My experiences suggest the answer is: possibly. Or perhaps more accurately sometimes.
A lot depends on the field you're in. I studied for a PhD in life science, where a lot of time at the lab bench was required. This is skilled work, but it's not "creative" nor does it involve much mental effort. So it's certainly possible to be productive at it for longer than four hour stretches.
In addition I often had to go in at the weekends to observe the results of my experiments. Cells don't grow to a useful 9-5 weekday schedule, unfortunately! I imagine other areas of science will impose similar time pressures.
I treated my PhD as though it were a job. Although I did work longer than 8 hours a day and I did work weekends when necessary, I viewed this as an annoying imposition and tried to minimize it. Other students and postdocs in the lab did longer hours and were more productive.

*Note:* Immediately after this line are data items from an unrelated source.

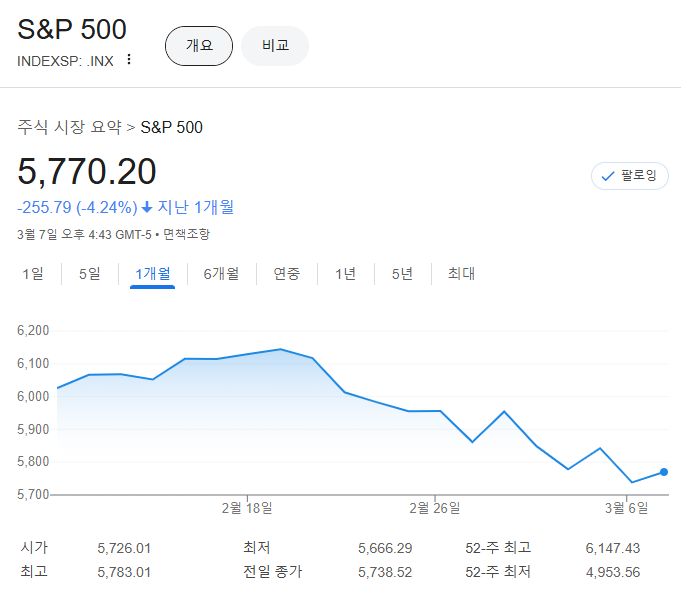 2주동안 미국 주식 시장이 상당히 많이 떨어졌다.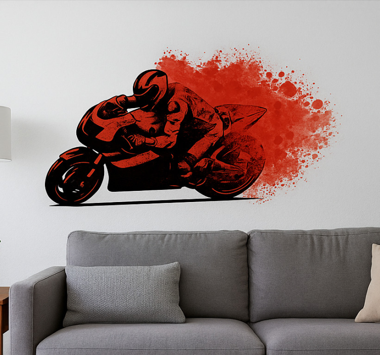 Reference: A54121Introducing the Motorbike sticker red splash rider, a vibrant and eye-catching design that features dynamic red splashes, embodying the thrill of riding. This sticker is perfect for those who want to express their passion for motorbikes with its striking graphics that make any bike stand out on the road.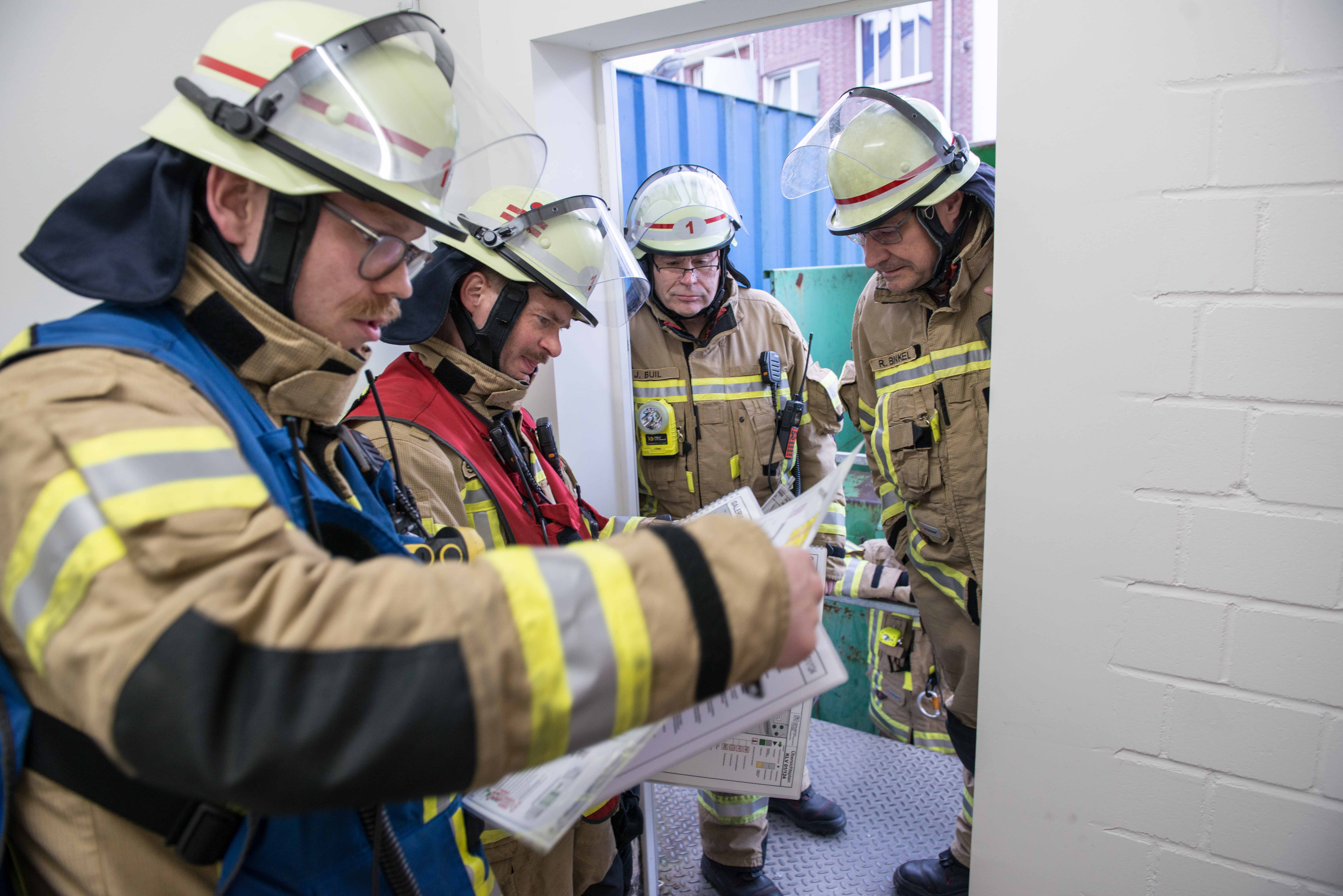 Im Anschluss erfolgte eine gemeinsame Begehung des Gebäudes. Dabei wurde unter anderem hervorgehoben, dass das Objekt flächendeckend mit Wandhydranten ausgestattet ist, sodass im Einsatzfall zunächst keine externe Löschwasserversorgung erforderlich ist. Gleichzeitig stellte die komplexe Gebäudestruktur mit mehreren Eingängen auf unterschiedlichen Ebenen eine besondere Herausforderung dar.
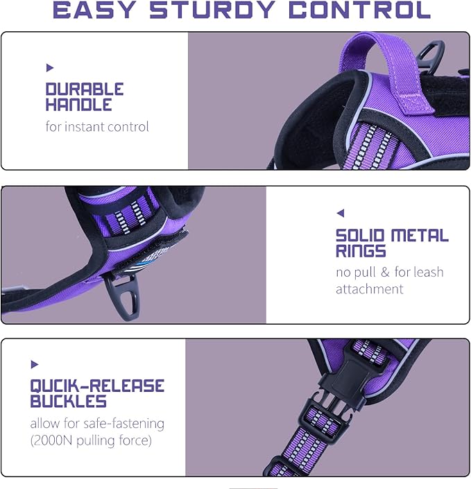 BUMBIN Tactical Dog Harness for Large Dogs No Pull, Famous TIK Tok No Pull Puppy Harness, Fit Smart Reflective Pet Walking Harness for Training, Adjustable Dog Vest Harness with Handle Purple XL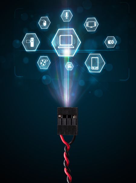 Glowing multimedia icons coming out of electric cable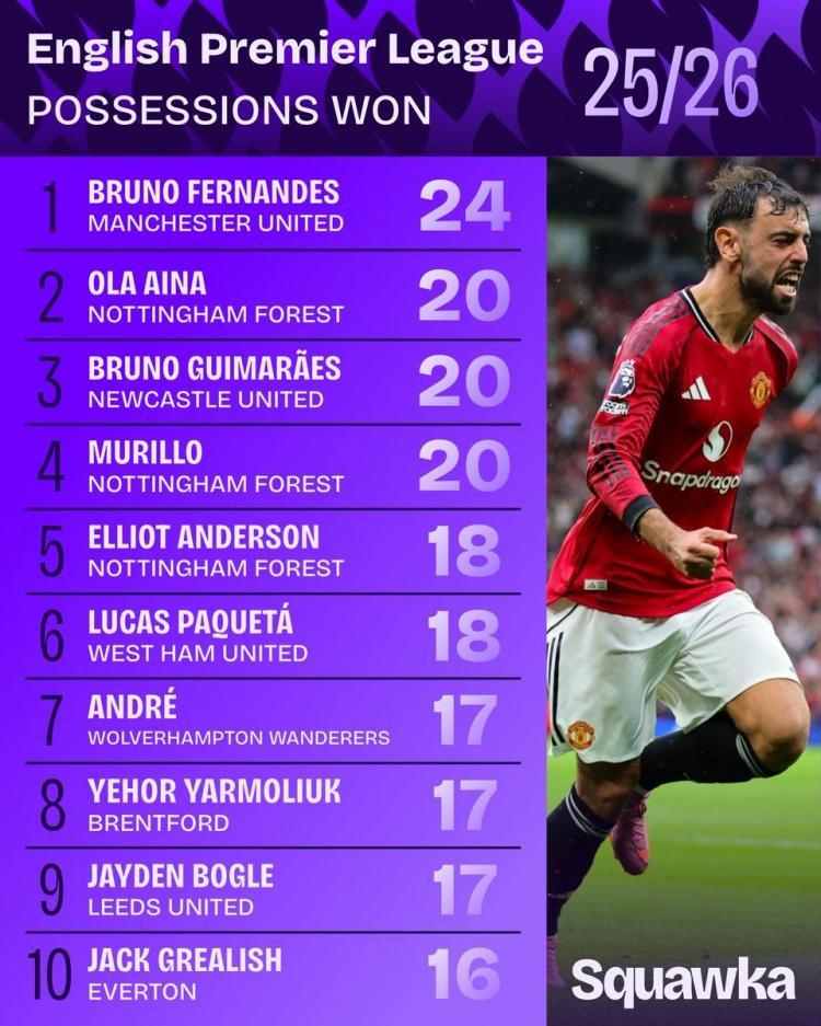 直播吧9月3日讯 数据机构squakwa统计了新赛季英超球员赢得球权情况,B费独自领跑。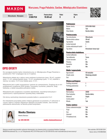 Warszawa, Praga-Południe, Gocław, Mikołajczyka Stanisława Mieszkanie - Wynajem Czynsz 3 000 PLN Powierzchnia 70.00 m2 Pokoi Piętro 3 6 Podstawowe Numer oferty 9770/MW/MAX Meble Tak Stan lokalu Bardzo dobry Pomieszczenia Typ mieszkania Mieszkanie Powierzchnia salonu 29 m2 Typ kuchni Aneks Liczba łazienek 1 Liczba oddzielnych toalet 1 Typ okien Drewniane (nowy typ) Powierzchnia dodatkowa OPIS OFERTY Do wynajęcia bardzo ładne mieszkanie przy ul. Mikołajczyka (Praga Południe) o powierzchni 70m² znajdujące się na VI piętrze. Mieszkanie składa się z salonu wraz aneksem kuchennym (pow. 29 m²), sypialni (pow. 11 m²), pokoju/sypialni (pow. 13 m²), przedpokoju (pow. 11 m²), łazienki z wanną i wc (pow. 4 m²) oraz toalety (pow. 2 m²). Mieszkanie jest w pełni wyposażone i gotowe do zamieszkania. Znajdują się w nim podstawowe urządzenia AGD (pralka, zmywarka, kuchenka, piekarnik, okap, lodówka), a także wszystkie potrzebne meble. Mieszkanie jest urządzone w wysokim standardzie, neutralnej kolorystyce i wykończone z wykorzystaniem wysokiej klasy materiałów. Od strony zachodniej mieszkanie posiada balkon o powierzchni 9 m². Do mieszkania przynależy jedno miejsce garażowe na poziomie „0” (wliczone w czynsz najmu) o bardzo dogodnym wjeździe od środka osiedla. Jest również parkowania samochodu na terenie przed budynkiem. Monika Słomiana Monika Słomiana tel. 525 230 670 Liczba balkonów 1 Typ balkonów Taras Liczba tarasów 9 Piwnica Nie Komórka Nie Ogród Nie Media i wyposażenie Ogrzewanie CO miejskie Ciepła woda Wodociąg miejski Gaz Nie Miejsca parkingowe Parking naziemny 1 Parking podziemny 1 Budynek Rok budowy 2008 Stan budynku Bardzo dobry Materiał Cegła Liczba pięter 7 Winda Tak Czynsz zawiera: Czynsz administracyjny Tak Prąd Nie Gaz Nie Internet Nie TV kablowa/sat. Nie [email protected] Niniejsze warunki mają charakter wyłącznie informacyjny i nie stanowią oferty w rozumieniu Kodeksu Cywilnego. MAXON Nieruchomości Sp. z o o. ul. Powązkowska 44C, 01-797 Warszawa Tel: (22) 530 60 00 e-mail: [email protected] www.maxon.pl Data wydruku: 2017-03-08 12:04 Numer oferty: 9770/MW/MAX

When it came time to write up my thesis, I discovred I simply did not have enough material to make it worthwhile. Ultimately I was forced to apply for a lesser research degree (an MPhil) and when it came to the crunch, I was not even able to obtain that with the evidence I'd gathered. Part of this is unquestionably down to lack of bench-hours.
I cannot speak about non-practical subjects, but even there I would imagine the amount of reading, learning and documentary research required would be significant, and would not involve creative mental effort. But my experience suggests that while ten hours a day, seven days a week is likely excessive, a successful research degree does involve time and effort well beyond that required for a regular highly-skilled job.